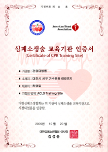 ¹Ì±¹½ÉÀåÇùȸ(AHA)¿Í ´ëÇÑ½ÉÆó¼Ò»ýÇùȸ(KACPR)¿¡¼ ÀÎÁõÇÏ´Â Àü¹®½ÉÆó¼Ò»ý¼ú(ACLS Training Site) ±³À°±â°üÀ¸·Î ¼±Á¤µÇ¾ú´Ù.
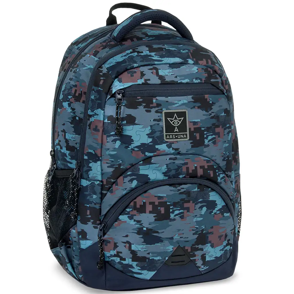 ARS UNA HYDE ERGONOMICKÝ BATOH je vynikajúcou voľbou pre každého študenta, ktorý má rád štýlové a funkčné batohy. Modrý maskáčový dizajn a množstvo praktických vlastností ho robia ideálnym na každodenné školské použitie aj na výlety.
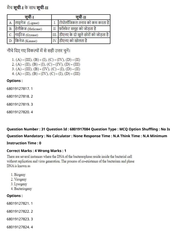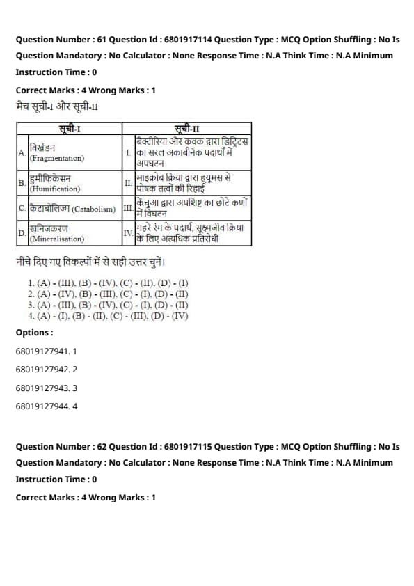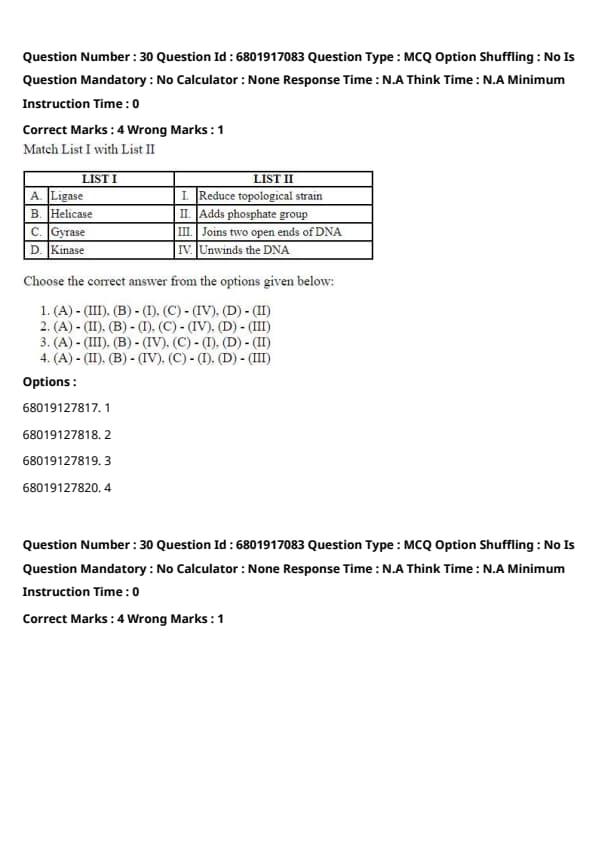 - (A) - (III), (B) - (I), (C) - (IV), (D) - (II)
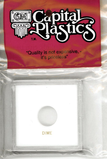 Capital Plastics offers the largest selection of premium coin holders of any available brand. The 2.5x2.5 style holder is made of clear molded plastic pieces that snap together around a black or white core with gold printing.
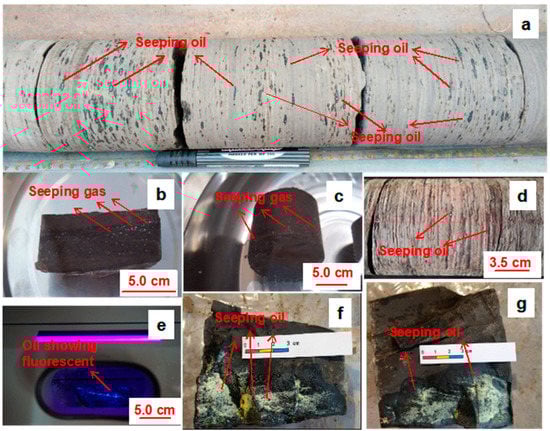 Photos showing the coexistence of oil, gas and water in the Chang 7 Member shale. (a) Oil and gas are seeping from the sandy laminated shale, well Q1240, 1671.47–1671.82 m, core photo; (b) Gas is seeping from the shale when submerged in water, well W1447, 1954.68 m, core photo; (c) Gas is seeping from the shale when submerged in water, well D1325, 1172.72 m, core photo; (d) Oil and gas are seeping from the shale, well D214, 1170.46 m, core photos; (e) Oil and gas in the shale are showing fluorescence, well D1339, 1152.37 m, core photo; (f) Oil and gas in the shale are seeping from fractures, well W1447, 1954.47 m, core photo; (g) Oil and gas in the shale are seeping from fractures, well W1447, 1955.11 m, core photo.
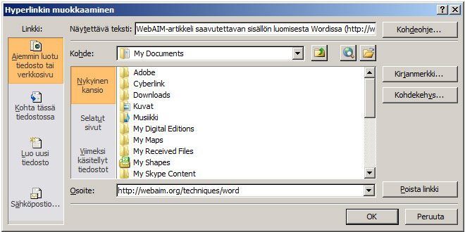 Kuvakaappaus hyperlinkin muokkausikkunasta
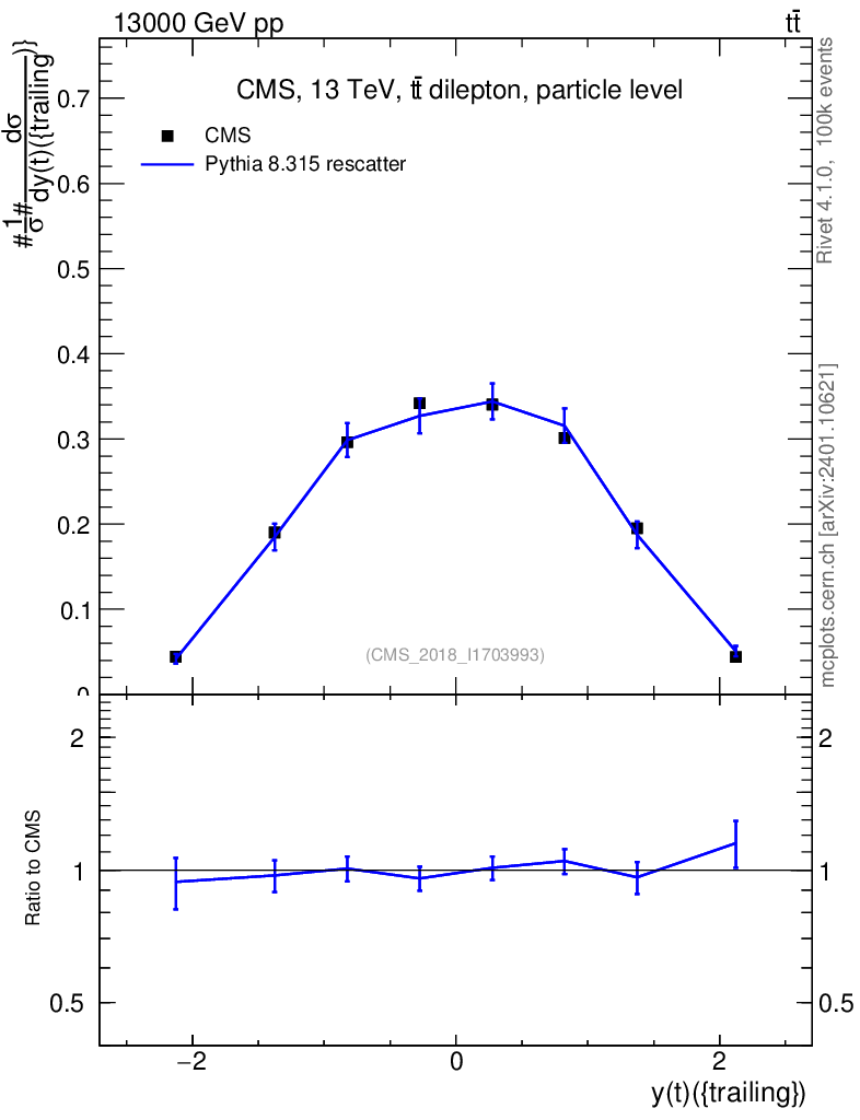 Lines: data, pythia8 8.315 rescatter |
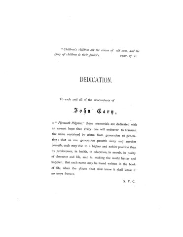Cary Memorials, a record of the descendants of John Cary of Somersetshire, Bristol, England who came to the Plymouth Colony about 1634, New England.
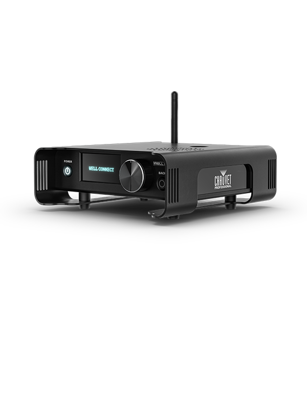 Wireless Control Hub: Compact, battery-powered Bluetooth and W-DMX/CRMX transceiver designed to control WELL fixtures or any DMX lighting system.
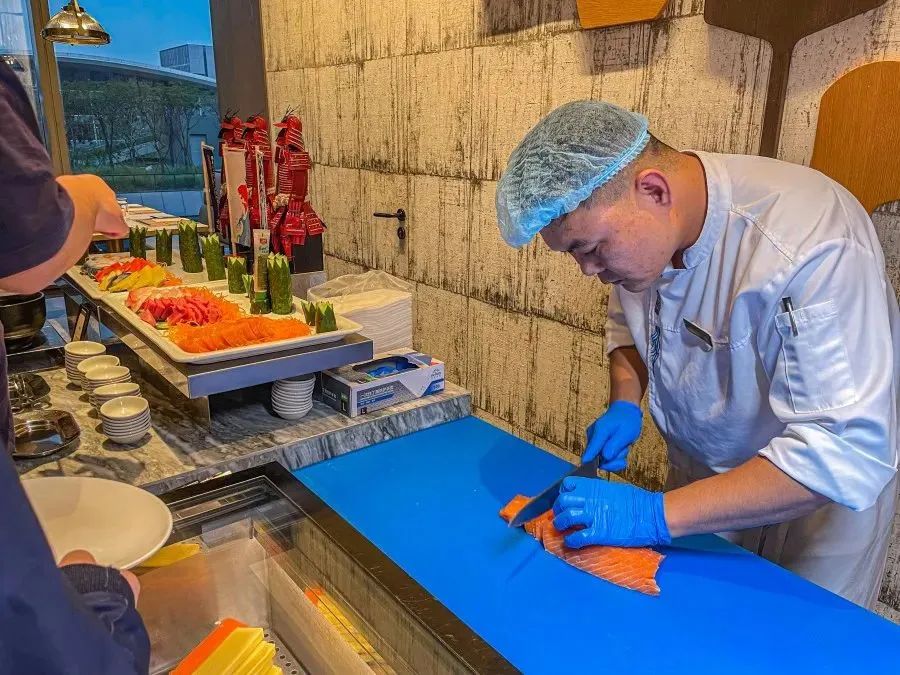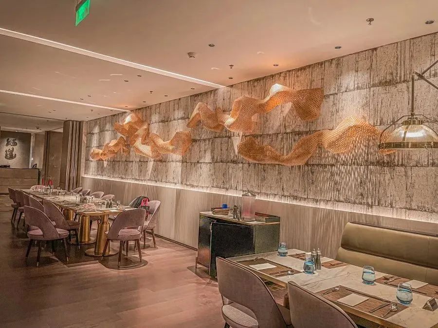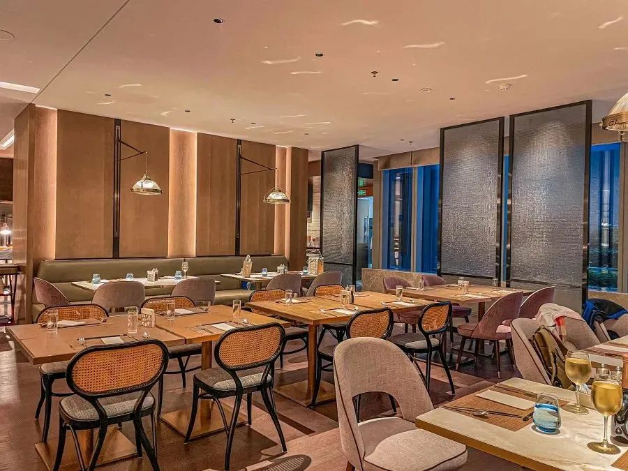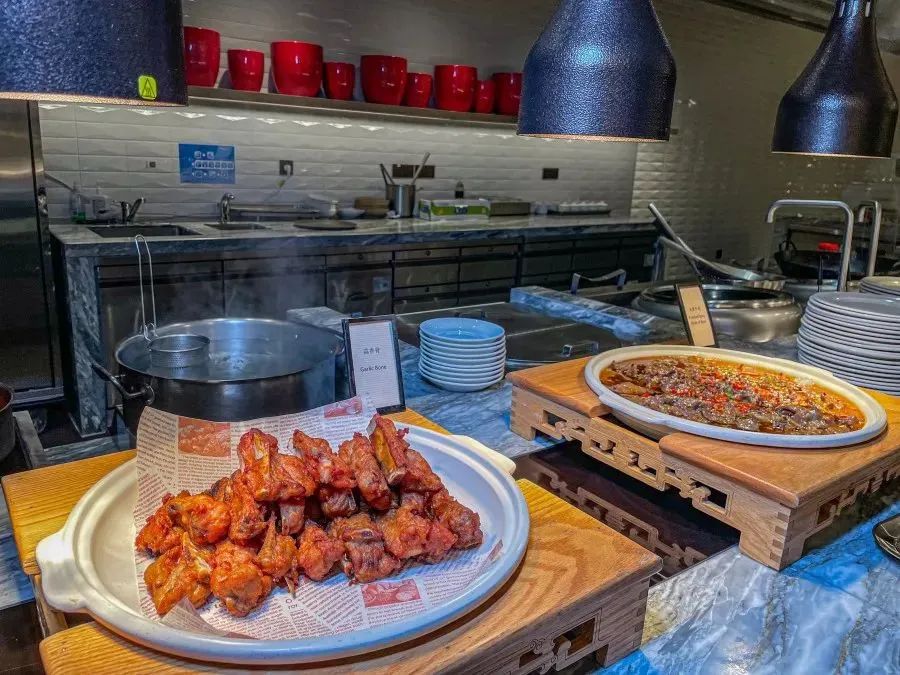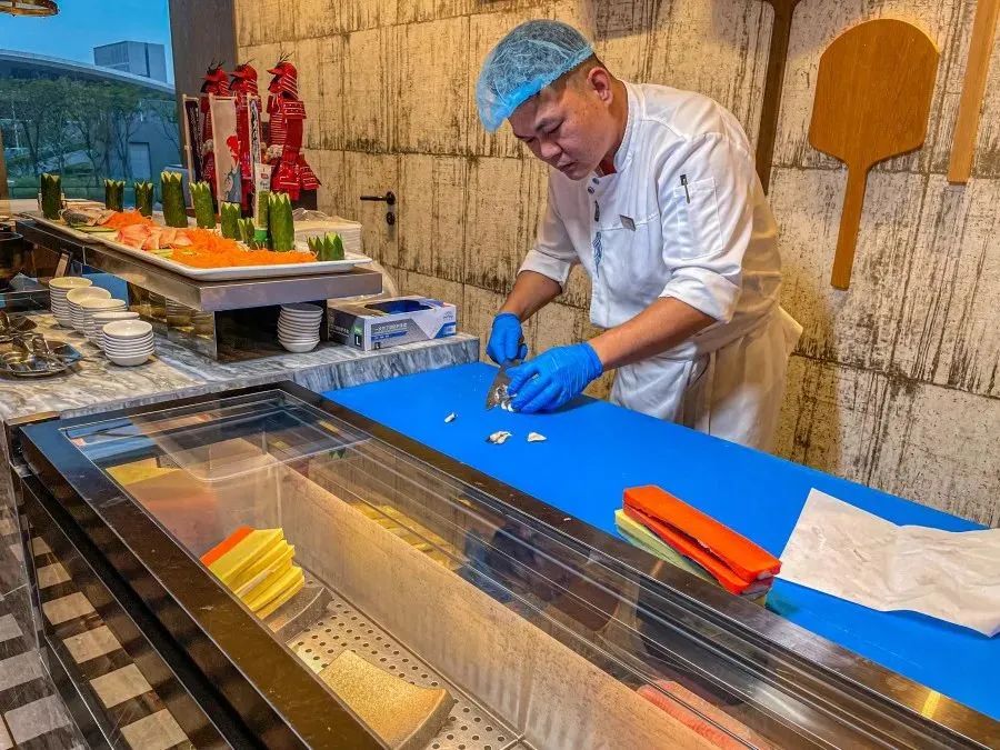 餐厅设计感十足,流动的光影,宽敞的桌面,奢华的用餐环境,在优雅环境里惬意地享用浪漫自助餐。于此用餐,被劳累了一天的味蕾被充分激发,只想大快朵颐,满足味蕾。
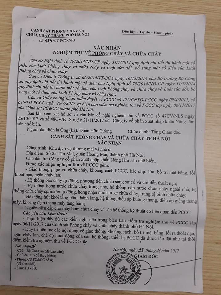 Người dân cũng cho biết, cư dân đã nhận bàn giao và về ở chính thực tại tòa nhà đã được khoảng 4 năm, tuy nhiên, đến ngày 23/11/2017, tòa nhà chung cư 25 Tân Mai mới chính thức được nghiệm thu PCCC.
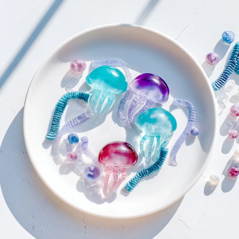 - Jellyfish Gummies: 1 cup fruit juice (e.g. apple, grape, or berry), 2 tbsp powdered gelatin (or vegetarian alternative like agar-agar), 3 tbsp granulated sugar, Food coloring (optional, blue, pink, purple), 1 tsp lemon juice
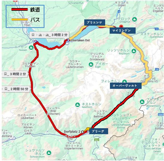 当初9月6日に行こうとインターラーケンオスト駅まで来て、マイリンゲン行の乗り換えで失敗し、行先を変えた因縁のコースです。今回もトラブル続き、ハラハラの行程でした。
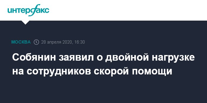 Москва. 28 апреля. INTERFAX.RU - С начала пандемии на сотрудников службы скорой помощи Москвы легла двойная нагрузка, отметил мэр города Сергей Собянин.
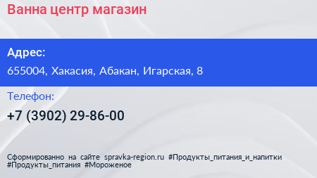 Ванна центр, магазин по адресу 655004, Хакасия, Абакан, Игарская, 8 в дальнейшем Организация, размещена в следующих категориях:

+ + + + + + +

» **ASSIGNED TASK**
When restating the records word for word, omit any picture they contain.

» **RESULT**
 ¹Ì±¹½ÉÀåÇùȸ(AHA)¿Í ´ëÇÑ½ÉÆó¼Ò»ýÇùȸ(KACPR)¿¡¼ ÀÎÁõÇÏ´Â Àü¹®½ÉÆó¼Ò»ý¼ú(ACLS Training Site) ±³À°±â°üÀ¸·Î ¼±Á¤µÇ¾ú´Ù.
 ARS UNA HYDE ERGONOMICKÝ BATOH je vynikajúcou voľbou pre každého študenta, ktorý má rád štýlové a funkčné batohy. Modrý maskáčový dizajn a množstvo praktických vlastností ho robia ideálnym na každodenné školské použitie aj na výlety.
 - (A) - (III), (B) - (I), (C) - (IV), (D) - (II)
 Capital Plastics offers the largest selection of premium coin holders of any available brand. The 2.5x2.5 style holder is made of clear molded plastic pieces that snap together around a black or white core with gold printing.
 Photos showing the coexistence of oil, gas and water in the Chang 7 Member shale. (a) Oil and gas are seeping from the sandy laminated shale, well Q1240, 1671.47–1671.82 m, core photo; (b) Gas is seeping from the shale when submerged in water, well W1447, 1954.68 m, core photo; (c) Gas is seeping from the shale when submerged in water, well D1325, 1172.72 m, core photo; (d) Oil and gas are seeping from the shale, well D214, 1170.46 m, core photos; (e) Oil and gas in the shale are showing fluorescence, well D1339, 1152.37 m, core photo; (f) Oil and gas in the shale are seeping from fractures, well W1447, 1954.47 m, core photo; (g) Oil and gas in the shale are seeping from fractures, well W1447, 1955.11 m, core photo.
 Kuvakaappaus hyperlinkin muokkausikkunasta
 Lines: data, pythia8 8.315 rescatter |
Cary Memorials, a record of the descendants of John Cary of Somersetshire, Bristol, England who came to the Plymouth Colony about 1634, New England.
 Wireless Control Hub: Compact, battery-powered Bluetooth and W-DMX/CRMX transceiver designed to control WELL fixtures or any DMX lighting system.
 餐厅设计感十足,流动的光影,宽敞的桌面,奢华的用餐环境,在优雅环境里惬意地享用浪漫自助餐。于此用餐,被劳累了一天的味蕾被充分激发,只想大快朵颐,满足味蕾。
 Người dân cũng cho biết, cư dân đã nhận bàn giao và về ở chính thực tại tòa nhà đã được khoảng 4 năm, tuy nhiên, đến ngày 23/11/2017, tòa nhà chung cư 25 Tân Mai mới chính thức được nghiệm thu PCCC.
 - Jellyfish Gummies: 1 cup fruit juice (e.g. apple, grape, or berry), 2 tbsp powdered gelatin (or vegetarian alternative like agar-agar), 3 tbsp granulated sugar, Food coloring (optional, blue, pink, purple), 1 tsp lemon juice
 当初9月6日に行こうとインターラーケンオスト駅まで来て、マイリンゲン行の乗り換えで失敗し、行先を変えた因縁のコースです。今回もトラブル続き、ハラハラの行程でした。
 Москва. 28 апреля. INTERFAX.RU - С начала пандемии на сотрудников службы скорой помощи Москвы легла двойная нагрузка, отметил мэр города Сергей Собянин.
 Ванна центр, магазин по адресу 655004, Хакасия, Абакан, Игарская, 8 в дальнейшем Организация, размещена в следующих категориях:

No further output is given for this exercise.